Problem to solve:
The required answer is the data below, restated word for word with images omitted.

Information given:
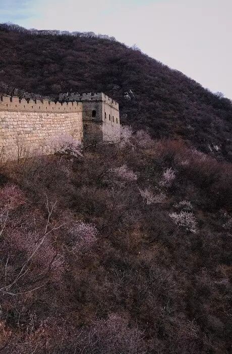 北京城里此时草长莺飞,花红柳绿,一派热闹的春景。山上初看仍是冬天的模样,城墙背阴处积有未化的残雪。举目远眺,天色明朗,连绵不断的野长城如巨龙般盘踞在山的脊梁上,枯树间偶有刚开的粉白色山桃星星点点缀于其中,再过半月待山桃全部开放不知该有多壮观,长城大概是最能体现北方美学的景观了。
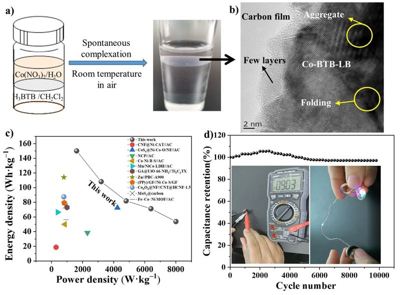 2 (a) 二维MOF纳米片Co-BTB-LB的合成方法示意图;(b) 二维MOF纳米片Co-BTB-LBHRTEM图;(c) 本工作与其他有报道的非对称超级电容器材料的能量密度和功率密度比较图;(d) 非对称超级电容器在电流密度为10 A·g−1时的循环稳定性测试。插图:非对称超级电容器设备点亮发光二极管的示意图。
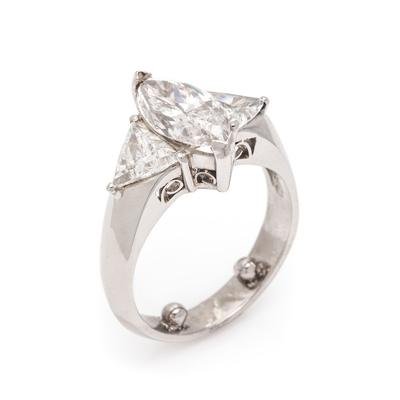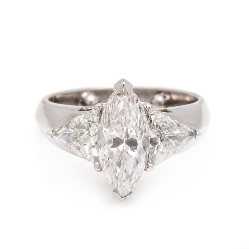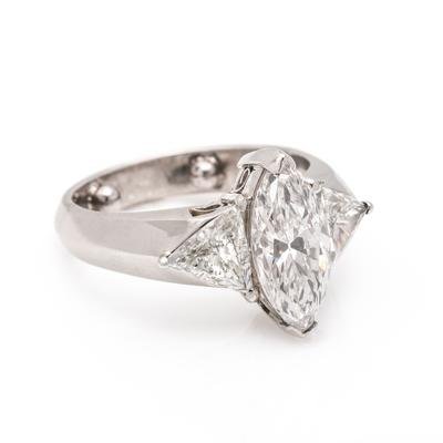 Containing one marquise brilliant cut diamond weighing 2.57 carats and two triangular brilliant cut diamonds weighing approximately 1.50 carats total. Mounted in platinum.
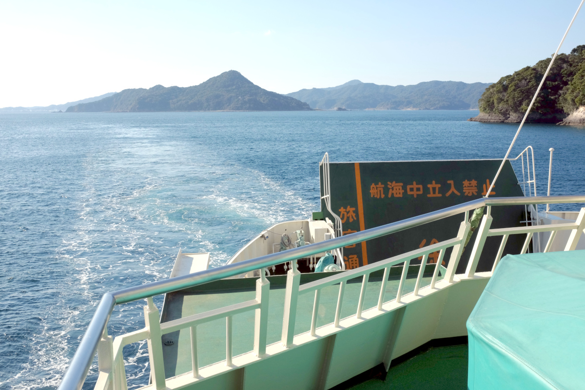 そして、人生の初フェリーから、4時間を経ずして2回目のフェリー。すっかりベテラン気分で乗り込む。牛深港から蔵之元港までは、30分前後と同程度で、船の規模も似たようなもの。やっぱり、あちらこちらを見て回り、到着したら下船。船の前方の口が開くのを待って、そのまま走り去る。走り去る時の開放感がいいな。
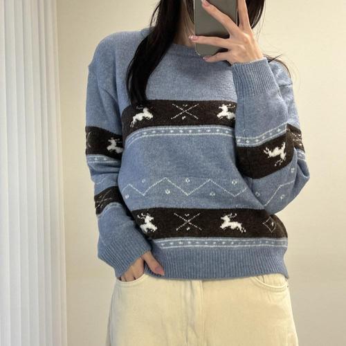 [옷자락] 여자 크리스마스 노르딕 배색 자가드 겨울연말룩 니트
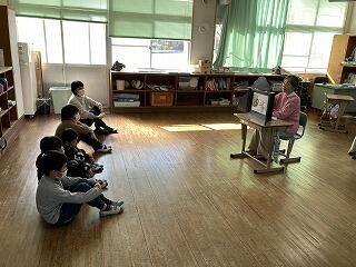 毎月1回行ってもらっている読み聞かせが、本年度最後となりました。今日も、学年に応じて紙芝居や絵本・物語などでした。子ども達は、みんな集中して聴き入っていました。1年間、本当にありがとうございました。
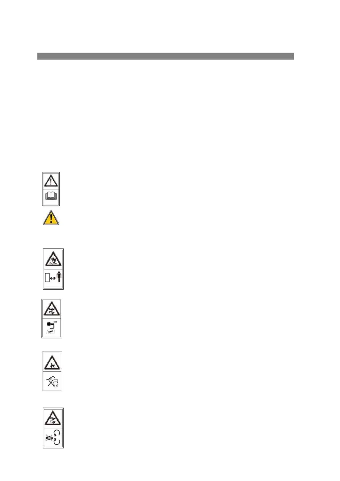 säkerhetssymbolerna och vad de avser. Varningarna förhindrar i sig inte risker, och de ersätter
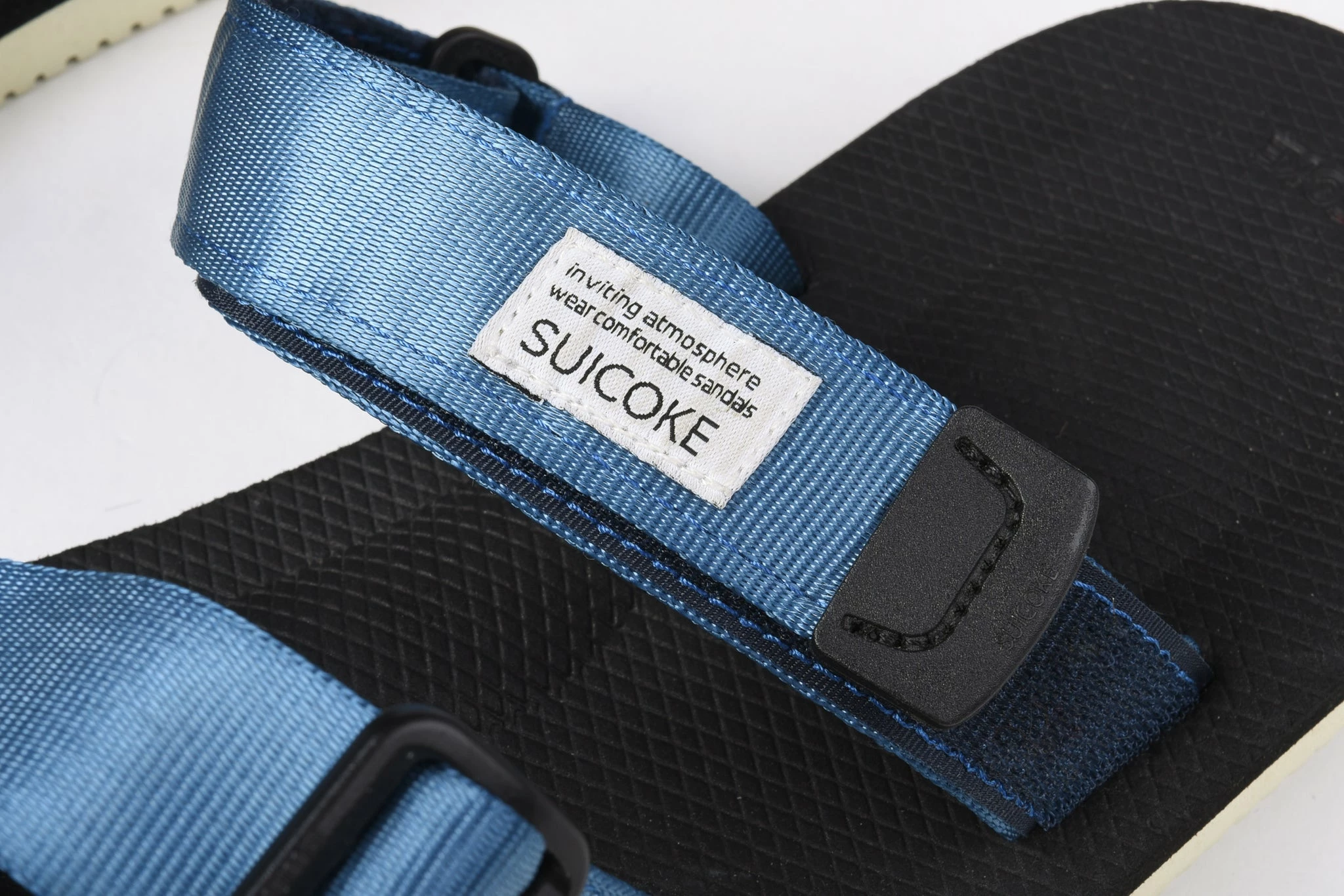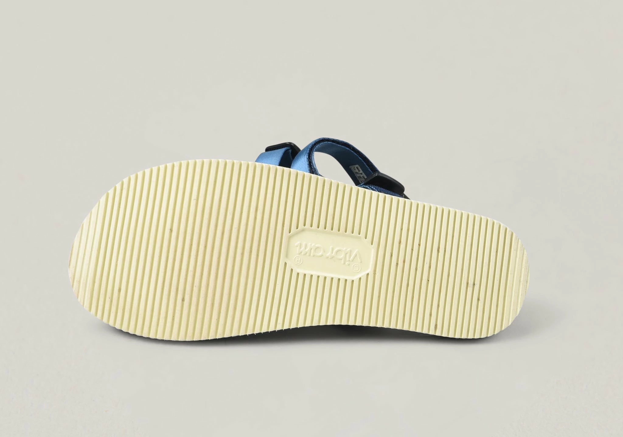 Triple strap sandals from Japanese sandals titans Suicoke. These simple sandals have a black and white sole with sky blue straps to secure.
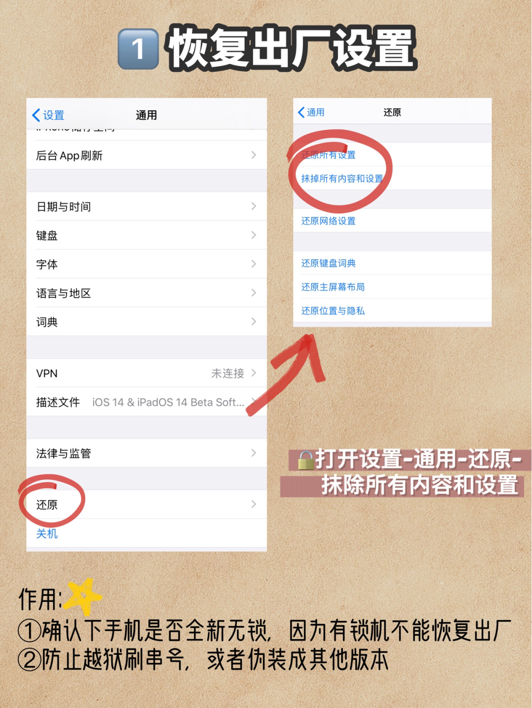💗可以先打开设置-通用-还原-抹除所有内容和设置。
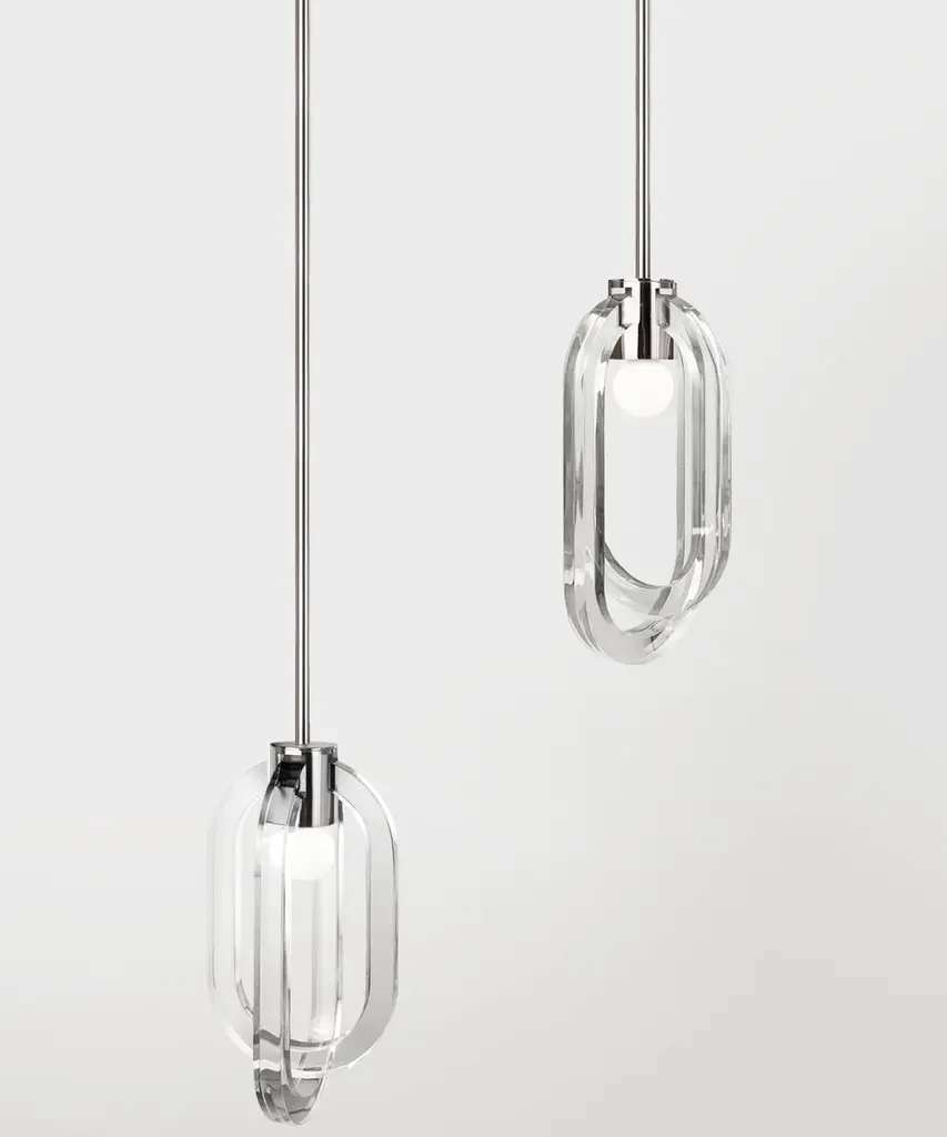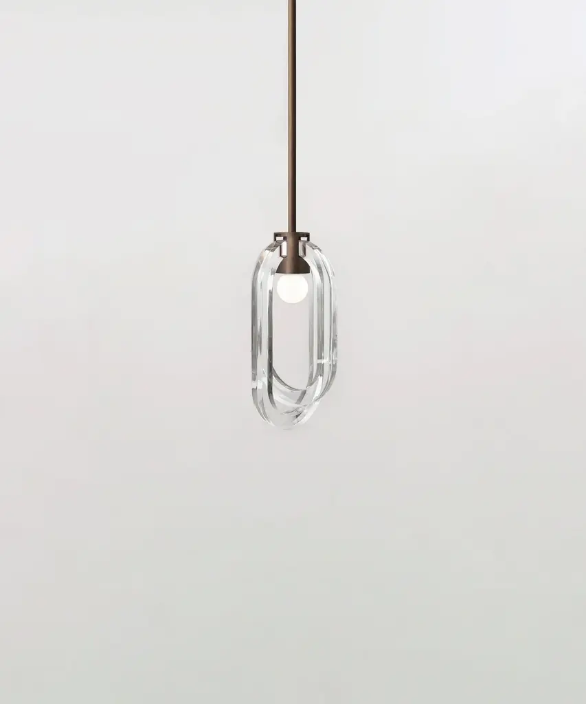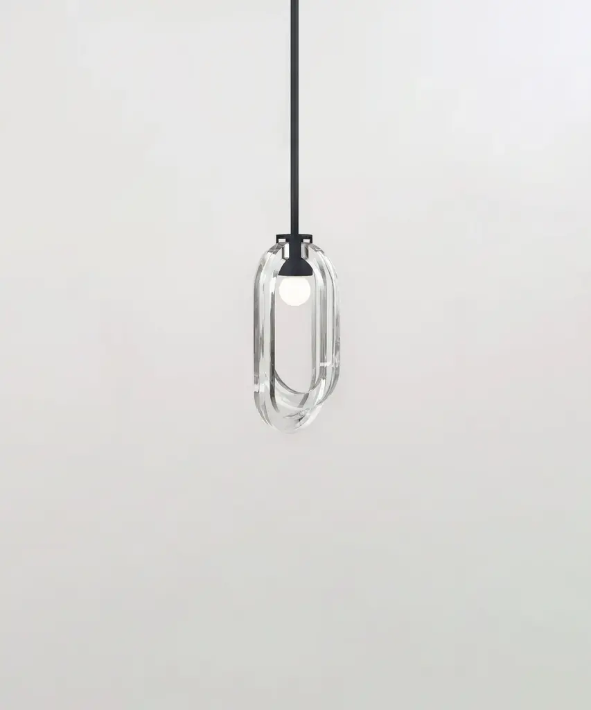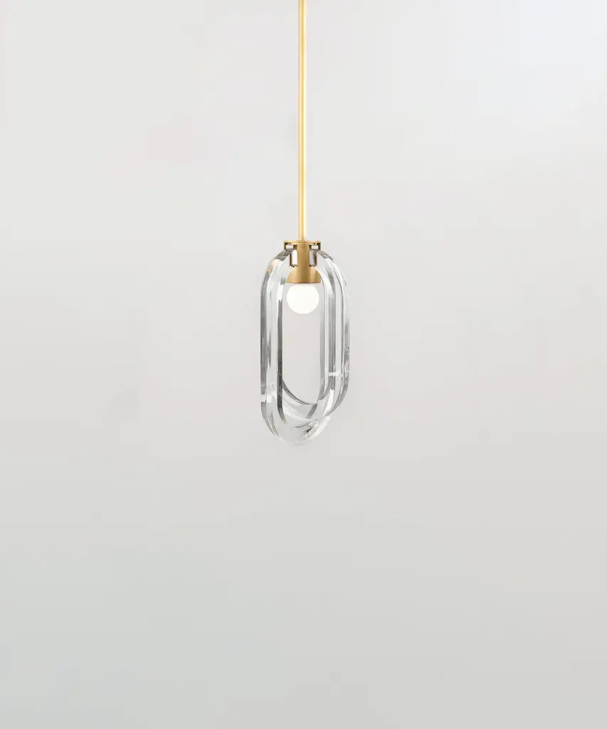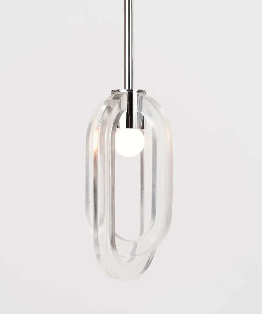 Cast-resin rings, one looping under the next create a spiraling, illuminated choreography. The resin rings are designed to evoke bubble-filled glass while offering the strength and durability of resin. The inside facing of each ring is fogged, allowing the light to carry through the entirety of the ring's loop. The fixture is available in a variety of metal finishes. Please note, that it assumes a 25" rod length, however, it is easily customizable upon request (please email us at help@trnk-nyc.com with your specifications). Each piece is designed and hand-produced by Coil + Drift, a lauded New York's Catskill Mountains-based design studio known for its vividly three-dimensional and material-forward collections.
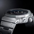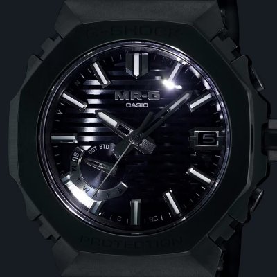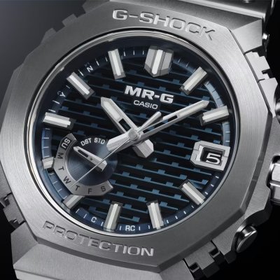 Das Zifferblatt der MRG-B2100 sieht auf den ersten Blick aus wie ein einfaches, dunkles Zifferblatt mit Textur, aber in Wirklichkeit hat es eine 3D-Textur, die auf einer japanischen Holzbearbeitungsmethode namens Kigumi basiert. Bei dieser Technik werden Holzteile ohne Metallbefestigung ineinander gesteckt. Eine scheinbar einfache Konstruktion mit raffinierten Verbindungen, die etwas ganz Besonderes schafft. Das Gleiche gilt für die MRG-B2100: Neben dem wunderschön gearbeiteten Zifferblatt ist die Uhr eine Studie der Handwerkskunst und der Kombination innovativer Materialien. In der Premium Production Line von Casio in Yamagata werden das Gehäuse und die (27 einzelnen!) Lünettenkomponenten aus der superharten Titanlegierung Ti64 gefertigt. Der Lünettenaufsatz besteht aus COBARION, einer Legierung, die viermal härter ist als reines Titan, und das Armband aus einer weiteren speziellen Titanlegierung, DAT55G, die sowohl extrem hart als auch sehr gut bearbeitbar ist. Mit einer Gehäusegröße von 44,4 × 49,5 × 13,6 mm ist sie eine G-Shock von durchschnittlicher Größe und dennoch perfekt tragbar, vor allem dank der leichten Materialien, während die Multi-Guard-Konstruktion von Gehäuse und Lünette die Uhr besonders stoßfest macht. Alle Teile der Uhr sind mit einer diamantähnlichen Kohlenstoffbeschichtung (DLC) versehen, um die Kratzfestigkeit zu erhöhen. Gesteuert wird die Uhr über das Casio-Modul 5718, das neben der funkgesteuerten Multiband 6-Zeiteinstellung auch die Smartphone-Kopplung über Bluetooth ermöglicht. Weitere Funktionen sind ein automatischer Kalender bis 2099, ein Batteriewarnsystem und eine Super Illuminator LED. Weitere App-Funktionen sind die automatische Umstellung auf Sommerzeit (DST), automatische und One-Touch-Zeitkorrektur, Telefonfinder, Handausrichtungskorrektur und Time & Place Log.

Finished exercise:
 北京城里此时草长莺飞,花红柳绿,一派热闹的春景。山上初看仍是冬天的模样,城墙背阴处积有未化的残雪。举目远眺,天色明朗,连绵不断的野长城如巨龙般盘踞在山的脊梁上,枯树间偶有刚开的粉白色山桃星星点点缀于其中,再过半月待山桃全部开放不知该有多壮观,长城大概是最能体现北方美学的景观了。
 2 (a) 二维MOF纳米片Co-BTB-LB的合成方法示意图;(b) 二维MOF纳米片Co-BTB-LBHRTEM图;(c) 本工作与其他有报道的非对称超级电容器材料的能量密度和功率密度比较图;(d) 非对称超级电容器在电流密度为10 A·g−1时的循环稳定性测试。插图:非对称超级电容器设备点亮发光二极管的示意图。
 Containing one marquise brilliant cut diamond weighing 2.57 carats and two triangular brilliant cut diamonds weighing approximately 1.50 carats total. Mounted in platinum.
 そして、人生の初フェリーから、4時間を経ずして2回目のフェリー。すっかりベテラン気分で乗り込む。牛深港から蔵之元港までは、30分前後と同程度で、船の規模も似たようなもの。やっぱり、あちらこちらを見て回り、到着したら下船。船の前方の口が開くのを待って、そのまま走り去る。走り去る時の開放感がいいな。
 [옷자락] 여자 크리스마스 노르딕 배색 자가드 겨울연말룩 니트
 毎月1回行ってもらっている読み聞かせが、本年度最後となりました。今日も、学年に応じて紙芝居や絵本・物語などでした。子ども達は、みんな集中して聴き入っていました。1年間、本当にありがとうございました。
 säkerhetssymbolerna och vad de avser. Varningarna förhindrar i sig inte risker, och de ersätter
 Triple strap sandals from Japanese sandals titans Suicoke. These simple sandals have a black and white sole with sky blue straps to secure.
💗可以先打开设置-通用-还原-抹除所有内容和设置。
 Cast-resin rings, one looping under the next create a spiraling, illuminated choreography. The resin rings are designed to evoke bubble-filled glass while offering the strength and durability of resin. The inside facing of each ring is fogged, allowing the light to carry through the entirety of the ring's loop. The fixture is available in a variety of metal finishes. Please note, that it assumes a 25" rod length, however, it is easily customizable upon request (please email us at help@trnk-nyc.com with your specifications). Each piece is designed and hand-produced by Coil + Drift, a lauded New York's Catskill Mountains-based design studio known for its vividly three-dimensional and material-forward collections.
 Das Zifferblatt der MRG-B2100 sieht auf den ersten Blick aus wie ein einfaches, dunkles Zifferblatt mit Textur, aber in Wirklichkeit hat es eine 3D-Textur, die auf einer japanischen Holzbearbeitungsmethode namens Kigumi basiert. Bei dieser Technik werden Holzteile ohne Metallbefestigung ineinander gesteckt. Eine scheinbar einfache Konstruktion mit raffinierten Verbindungen, die etwas ganz Besonderes schafft. Das Gleiche gilt für die MRG-B2100: Neben dem wunderschön gearbeiteten Zifferblatt ist die Uhr eine Studie der Handwerkskunst und der Kombination innovativer Materialien. In der Premium Production Line von Casio in Yamagata werden das Gehäuse und die (27 einzelnen!) Lünettenkomponenten aus der superharten Titanlegierung Ti64 gefertigt. Der Lünettenaufsatz besteht aus COBARION, einer Legierung, die viermal härter ist als reines Titan, und das Armband aus einer weiteren speziellen Titanlegierung, DAT55G, die sowohl extrem hart als auch sehr gut bearbeitbar ist. Mit einer Gehäusegröße von 44,4 × 49,5 × 13,6 mm ist sie eine G-Shock von durchschnittlicher Größe und dennoch perfekt tragbar, vor allem dank der leichten Materialien, während die Multi-Guard-Konstruktion von Gehäuse und Lünette die Uhr besonders stoßfest macht. Alle Teile der Uhr sind mit einer diamantähnlichen Kohlenstoffbeschichtung (DLC) versehen, um die Kratzfestigkeit zu erhöhen. Gesteuert wird die Uhr über das Casio-Modul 5718, das neben der funkgesteuerten Multiband 6-Zeiteinstellung auch die Smartphone-Kopplung über Bluetooth ermöglicht. Weitere Funktionen sind ein automatischer Kalender bis 2099, ein Batteriewarnsystem und eine Super Illuminator LED. Weitere App-Funktionen sind die automatische Umstellung auf Sommerzeit (DST), automatische und One-Touch-Zeitkorrektur, Telefonfinder, Handausrichtungskorrektur und Time & Place Log.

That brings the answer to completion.